The mother of Elijah McClain is suing her former attorneys at Denver civil rights firm Kilmer Lane Newman, LLP over about $4 million in legal fees.
In her complaint, filed on May 17 in Denver District Court, Sheneen McClain says lawyers at KLN, who initially represented her and Elijah McClain’s father, Lawayne Mosley, in a federal wrongful death lawsuit against the City of Aurora, engaged in wrongful conduct and aren’t entitled to a contingency cut of the $15 million settlement reached with the City of Aurora last year.
KLN in its response filed June 2 has disputed many of McClain’s claims and, in a counterclaim, is asking Denver District court to award it costs, interests and attorneys fees and decide how legal fees should be split between KLN and the counsel McClain hired to represent her midway through the wrongful death action.
Elijah McClain died in August 2019 following a police stop in Aurora where he was given a high dose of Ketamine by paramedics and physically restrained by officers. He became unresponsive at the scene and died several days later from complications related to the stop. McClain’s death resurfaced to national headlines in the summer of 2020 during the Black Lives Matter movement around racial disparities in use of force in policing.

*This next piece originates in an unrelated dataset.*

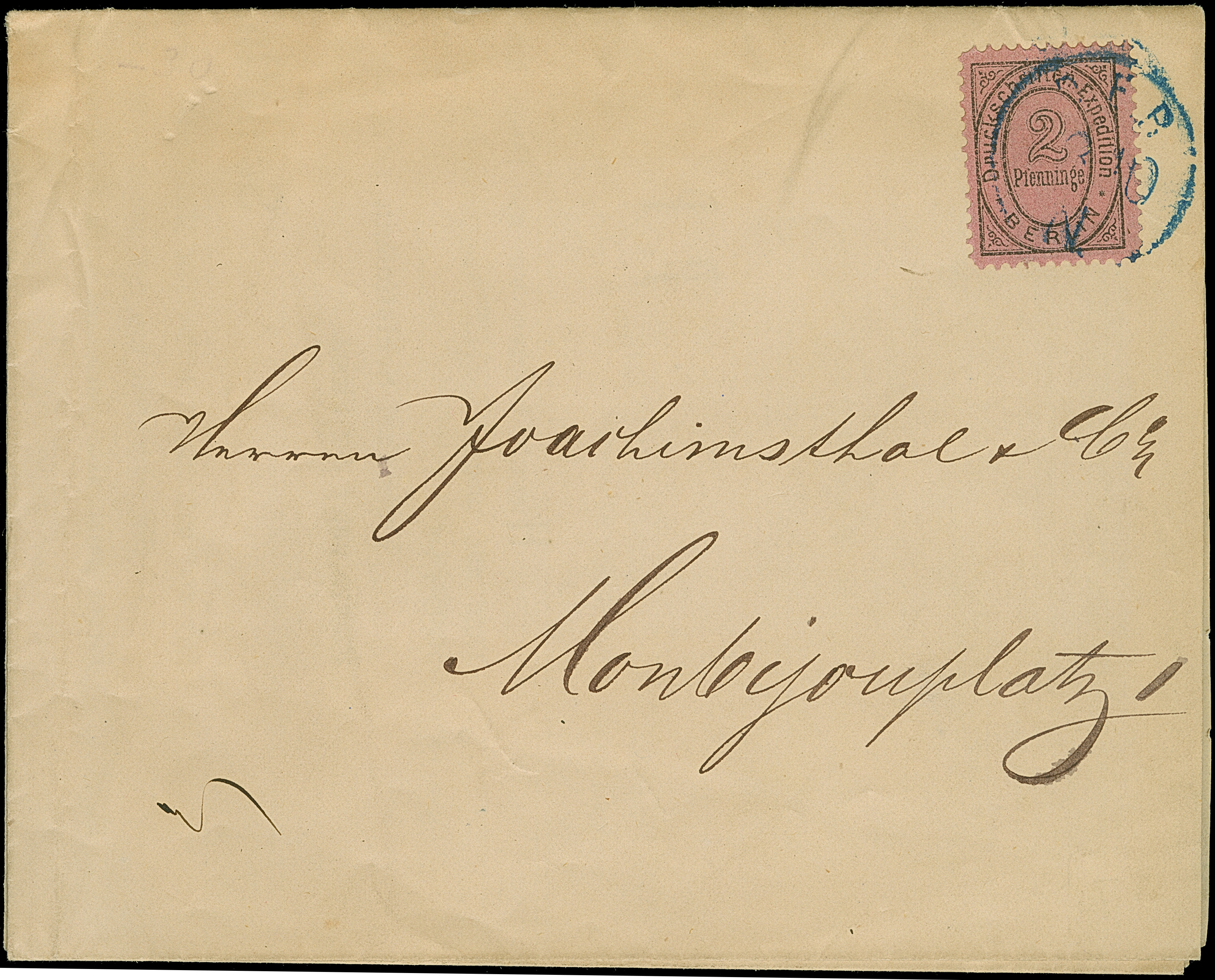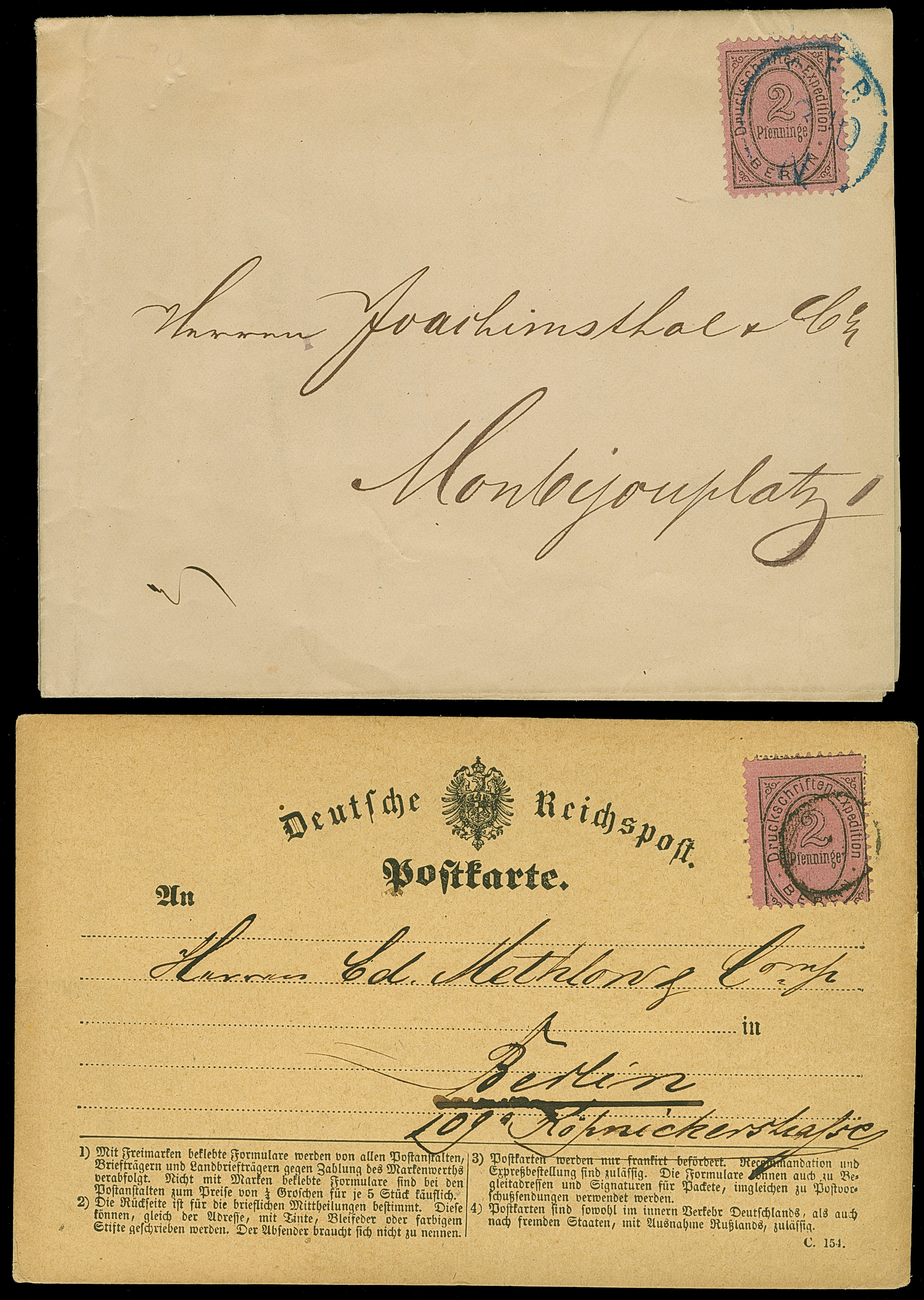 Brief- und Druckschriften-Expedition: 1873, 2 Pfg. schwarz auf trübrosa mit EKr.-Stempel ohne Inschriften auf amtlicher Reichspost-Vordruckkarte mit Text und Datierung vom 25.7.1873, dazu Drucksachen-Faltbrief mit 2 Pfg. und blauem EKr. “D.E.B. 4.10.(73)”, leichte Randspuren, ansonsten in guter Erhaltung

Attorneys at KLN contacted Elijah McClain’s parents following his death and first represented them, as well the estate they created on behalf of Elijah McClain, in a lawsuit against an ambulance company which resulted in a $350,000 settlement.

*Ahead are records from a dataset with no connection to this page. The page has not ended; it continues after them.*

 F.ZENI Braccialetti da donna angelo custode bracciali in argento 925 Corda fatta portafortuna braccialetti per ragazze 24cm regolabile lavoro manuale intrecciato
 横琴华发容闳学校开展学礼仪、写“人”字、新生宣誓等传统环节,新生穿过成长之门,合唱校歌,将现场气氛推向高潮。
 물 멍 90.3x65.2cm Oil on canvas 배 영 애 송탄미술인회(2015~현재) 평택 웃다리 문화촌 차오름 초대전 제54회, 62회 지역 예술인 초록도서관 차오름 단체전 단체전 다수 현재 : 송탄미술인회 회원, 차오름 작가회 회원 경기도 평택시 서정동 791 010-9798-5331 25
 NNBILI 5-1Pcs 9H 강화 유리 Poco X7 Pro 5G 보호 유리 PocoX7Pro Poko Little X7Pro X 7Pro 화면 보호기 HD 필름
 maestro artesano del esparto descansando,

The Denver firm collected 40% of the ambulance settlement, $140,000, in line with a fee agreement signed by both parents, paid to Elijah McClain’s estate.
KLN then filed a federal wrongful death lawsuit in 2020 against the City of Aurora, initially representing both parents and the estate. McClain fired KLN in April 2021 and retained Rathod Mohamedbhai to represent her for the remainder of the suit.

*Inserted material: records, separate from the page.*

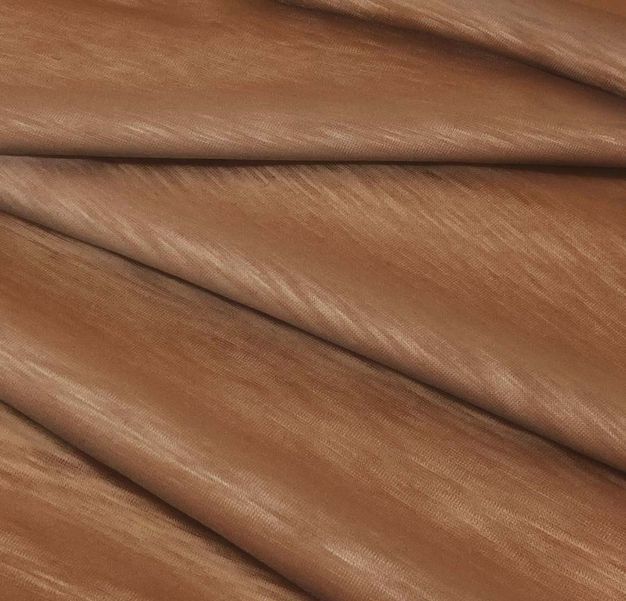La tela base de esta prenda es el Punto Camiseta Jaspeado - Dubái, compuesta por un 100% de poliéster, con un gramaje de 135 gr/m2 y un ancho de 160 cm. El color liso impreso en esta tela es el Marron Oso Café, con un contenido de tinta de Cyan 33, Magenta 58, Yellow 68 y Black 35. Este color se caracteriza por ser un tono cálido y terroso, que transmite la sensación de calidez y naturalidad. Este color secundario combina muy bien con tonos naturales y tierra, como los verdes oscuros o los tonos camel.
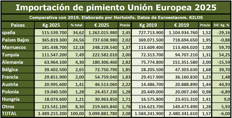 En total, los Estados miembros de la UE han comprado en 2025 un volumen de 1.489,21 millones de kilos de pimiento, un 6 por ciento menos que en 2019, por un valor de 3.099,88 millones de euros, a un precio medio de 2,08 euros por kilo.
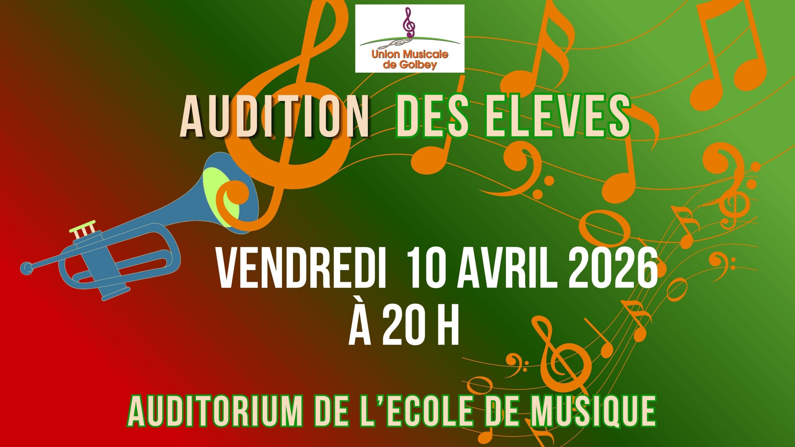 L’École de Musique de Golbey organise une nouvelle session d’auditions le vendredi 10 avril 2026 à partir de 20h, dans ses locaux.
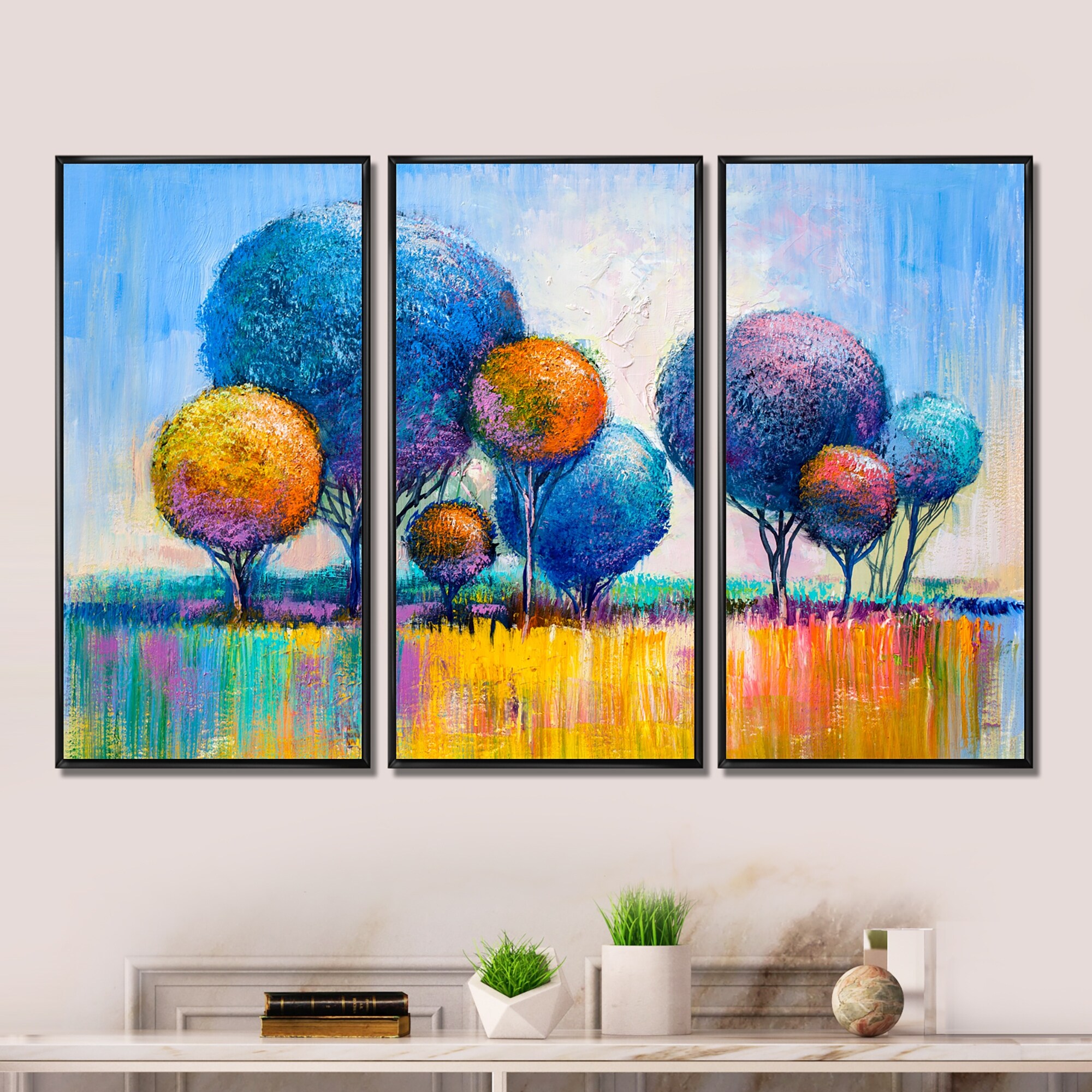 Designart "Autumn Fantasy Trees IV" Modern Framed Artwork Set of 3 - 4 Colors of Frames
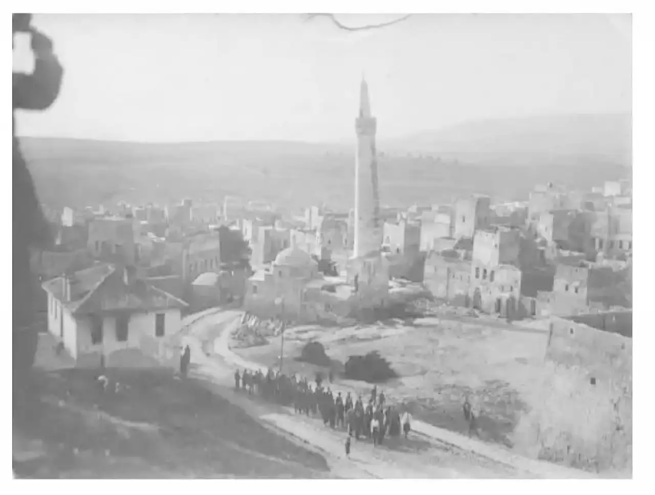 Kartta, sağda Babudarp Camisi ve minaresi, solda ise dönemin askeri fırın binası görülüyor. Fotoğrafın, kalabalık bir milli bayram dönüşünde çekilmiş olabileceği değerlendiriliyor. Ayrıca kadrajın sol kısmında muhtemelen askeri ya da sivil bir yetkilinin şapka veya kasketi dikkat çekiyor.
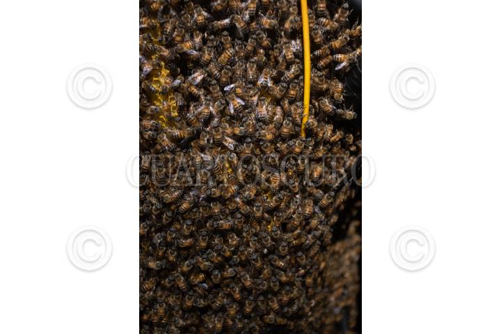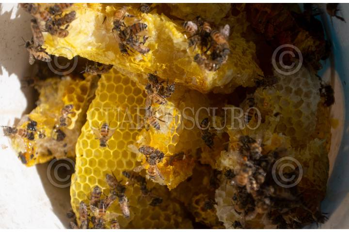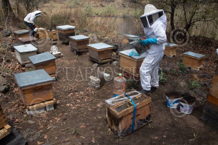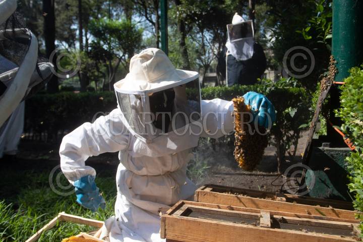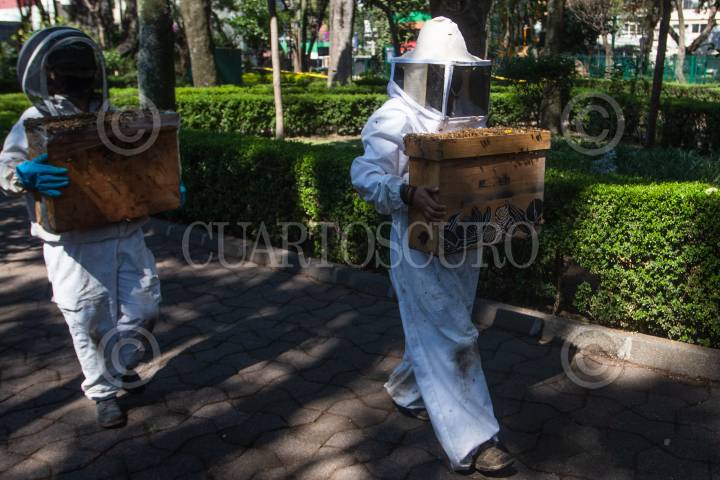 Enjambre de abejas que se encontraba en un poste en el el Parque Clemente Orozco se alimentan de simuladores de panales mientras son trasladadas hacia un Apiario para su cuidado y reproducción

The City of Aurora agreed to settle the lawsuit last year and appropriation proceedings wrapped up earlier this year. Shortly afterward, KLN requested about $4 million for its work on the lawsuit.
According to her complaint, McClain fired KLN after she “became increasingly concerned” with the firm’s representation in the federal lawsuit. By representing both her, Mosley and the estate, McClain argues in her latest filing, “KLN faced obvious conflicts of interest” since parents aren’t necessarily entitled to equal shares of a child’s wrongful death settlement under state law. In her suit, McClain calls Mosely a father “in name only,” and says he was absent for most of their son’s life. McClain claims that KLN didn’t properly advise her on this potential conflict of interest and didn’t explain that she and Mosely weren’t necessarily entitled to equal shares of any settlement.
McClain also claims that the attorneys at KLN made unauthorized public statements about the case and “incessantly sought media attention for their own self-aggrandizement campaign.”
McClain is asking the Denver District Court to rule KLN isn’t entitled to a contingency fee and to find that it improperly collected money from the ambulance settlement. According to her lawsuit, the firm never entered into a contingency or fee agreement with the estate and therefore improperly collected part of the ambulance settlement.
In its response, KLN disputes this, noting that Mosely and McClain both signed contingency agreements and were appointed as co-personal representatives of the estate and arguing that therefore the agreement also applied to the estate.
KLN, also in its response, disputes many of McClain’s claims and argues that her new counsel, Mohamedbhai, isn’t honoring an agreement the two firms entered into when he took over representation on the case. KLN says that both parents had the same interest in reaching a settlement in the federal lawsuit, “to obtain the largest settlement possible as a remedy for the killing of Elijah,” and that only after the lawsuit closed did their interests diverge during allocation proceedings. According to KLN, both parents were advised to hire probate counsel for allocation before the case was filed.
KLN also disputes McClain’s claim that its attorneys made public statements on the case without her consent and rather, with her approval, the firm ran a public awareness campaign that led to new witnesses and helped their case. The firm is asking the Denver District Court to dismiss McClain’s suit for failing to make a claim on which relief can be granted.
In its own counterclaim, KLN detailed the work that went into filing the federal lawsuit six months before McClain hired new counsel, which included detailing the practices of Aurora Police, conducting extensive interviews and more. The counterclaim asks the Denver District Court to order McClain to pay the firm a 40% contingency fee to be split between KLN and Mohamedbhai as well as 65% of costs that KLN advanced in the proceedings.
KLN’s response includes an excerpt from an email the firm says was sent by Mohamedbhai when he took over McClain’s representation in April 2021. In the email, according to KLN’s complaint, Mohamedbhai agreed to split recovered attorneys fees from the potential federal settlement with 80% going to KLN and 20% to his firm. KLN is asking the district court to find that the email is a binding contract for dividing attorneys fees.